An increase of mutating microbes around the globe has led medical experts to call antibiotic resistance an "apocalyptic threat" and raises an alarm for needed research into finding new solutions now. The most recent antibacterial drug developments date back more than 30 years at this point. With many of the chemical components of cannabis known to have antimicrobial effects as a way for the plant to protect itself, research into how these benefits can translate into human disease has begun in earnest. In terms of antimicrobial action, one such cannabinoid, cannabigerol (CBG), has proven particularly potent.
The antimicrobial and antifungal implications of CBG were first investigated in 1982 by the Elsohly et al team at the University of Mississippi. But research remained superficial until larger concentrations of the compound could be easily obtained, either from lab synthesis or access to the CBG-rich plants that are now being cultivated after the passage of the 2018 Farm Bill.
In a 2008 study on antibacterial cannabinoids, investigators demonstrated potent activity against a variety of methicillin-resistant Staphylococcus aureus (MRSA) strains by both CBD and CBG via topical application. The researchers also pointed out that the potential synergy of cannabinoids and terpenes, many of which also have antimicrobial potential, should be considered to improve patient outcomes.
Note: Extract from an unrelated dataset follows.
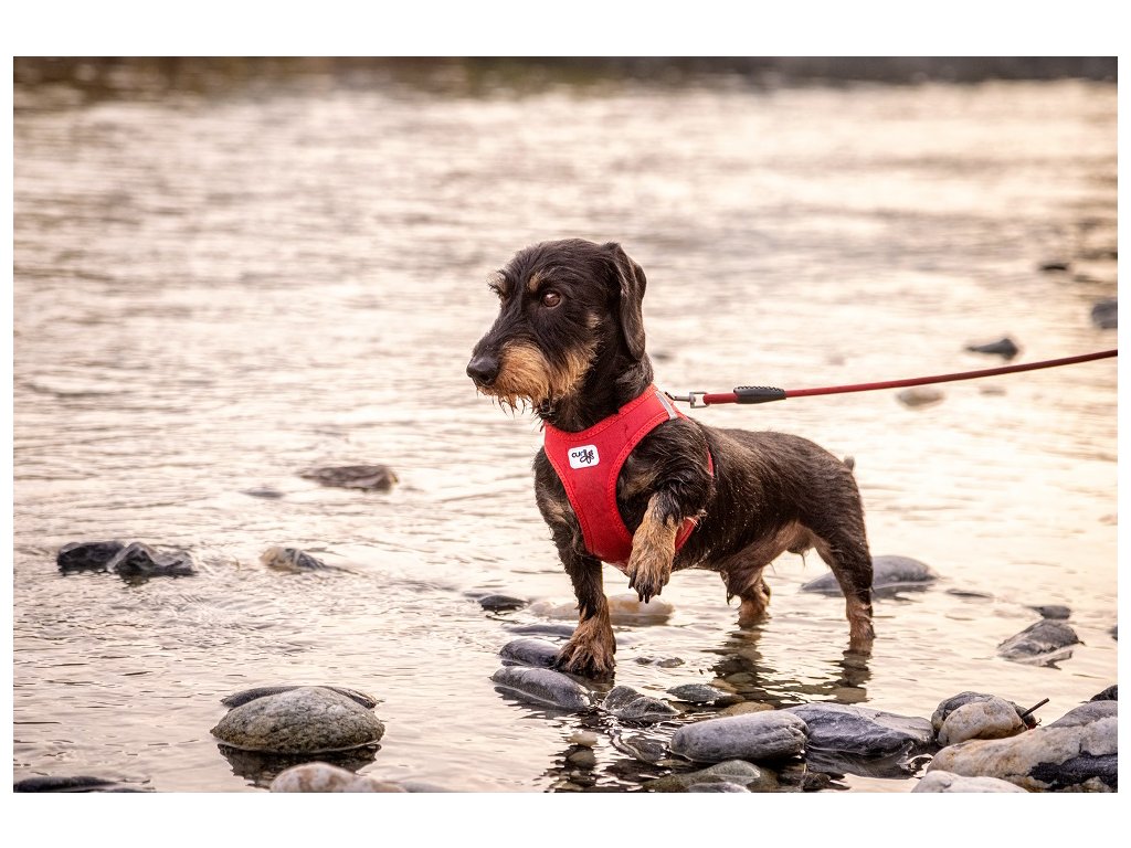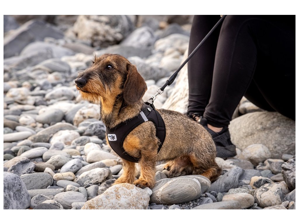 - Postroj vylepšený o praktickú sponu, vďaka ktorej sa vodítko a postroj dajú pripnúť jednou rukou

Additionally, a 2018 study reported that endocannabinoids, like anandamide (AEA), are able to inhibit the spread of MRSA infections by decreasing biofilm formation which can increase the spread of bacterial colonization on the skin. Drugs that mimic the effects of AEA in the body, like THC, or drugs that inhibit the degradation of AEA in the body by the enzyme fatty acid amide hydrolase (FAAH), may prove agents of promise in the fight against biofilm-associated MRSA infections.
In recent news, a study out of McMaster University in Hamilton, Ontario published in bioRxiv preprint demonstrated that CBG was more effective against MRSA USA300, a highly virulent and prevalent form, than the four other major cannabinoids tested: Δ9-tetrahydrocannabinol (THC), cannabidiol (CBD), cannabichromene (CBC), and cannabinol (CBN).
As effective as vancomycin, a drug widely considered the last line of defense against drug-resistant bacteria, CBG was shown to be successful at treating MRSA. Unlike vancomycin, which has already begun to exhibit bacterial resistance, this superbug displayed no such energy for overcoming the CBG therapy. The cannabinoid was also more potent than conventional antibiotics in inhibiting the thin, slimy biofilms associated with disease persistence and against dormant "persister" cells that have a role in chronic and relapsing infection, rapidly eradicating populations below detectable levels.
More Than MRSA
Additionally, researchers in this new study were able to further elucidate the beneficial effects of CBG against both Gram-positive and Gram-negative drug-resistant bacteria. These two broad categories of bacteria classification are associated with cell wall permeability. The double cell membrane of Gram-negative organisms makes treatment trickier. Without a little help from compounds that can dissolve the outer shell while preserving the inner cell layer, conventional antibiotic treatments have a difficult time getting through. And regular mutations in drug-resistant types make treatment nearly impossible.
Gram-negative bacteria make up 75% of the antibiotic resistant infections highlighted by the World Health Organization (WHO), according to the study’s authors, and are responsible for an array of deleterious diseases, including chlamydia and gonorrhea as well as pneumonic, septicemic, and bubonic plagues. Particularly virulent strains like Klebsiella, Acinetobacter, and Pseudomonas aeruginosa can cause deadly healthcare-associated infections like pneumonia and various sepsis syndromes.
Once investigators demonstrated the ability of CBG to effectively work on the inner membrane of Gram-positive MRSA in a rodent model, they tested its efficacy on Gram-negative E. coli after the outer membrane was made permeable by the addition of polymyxin B, an antibiotic already in use to treat Gram-negative infections. By breaking down the disease cell membrane, polymyxin B provided CBG access to its point of action. While these results are significant, serious side effects are associated with this added compound, including kidney failure, whereas one of the most promising aspects of cannabinoid therapies is the low rate of both serious side effects and toxicity to healthy cells.
The results of the study demonstrated the potential for CBG therapy against MRSA infection and disease persistence by inhibiting bacteria, repressing biofilm formation, eradicating already present biofilms, and effectively eliminating problematic persister cells. The non-intoxicating, non-sedative nature of the cannabis constituent further highlights its therapeutic potential against drug-resistant bacteria with a very low rate of resistance development. Now that CBG has been made more readily available to researchers, human trials will be the next step in determining whether this super drug is an effective therapy against superbugs.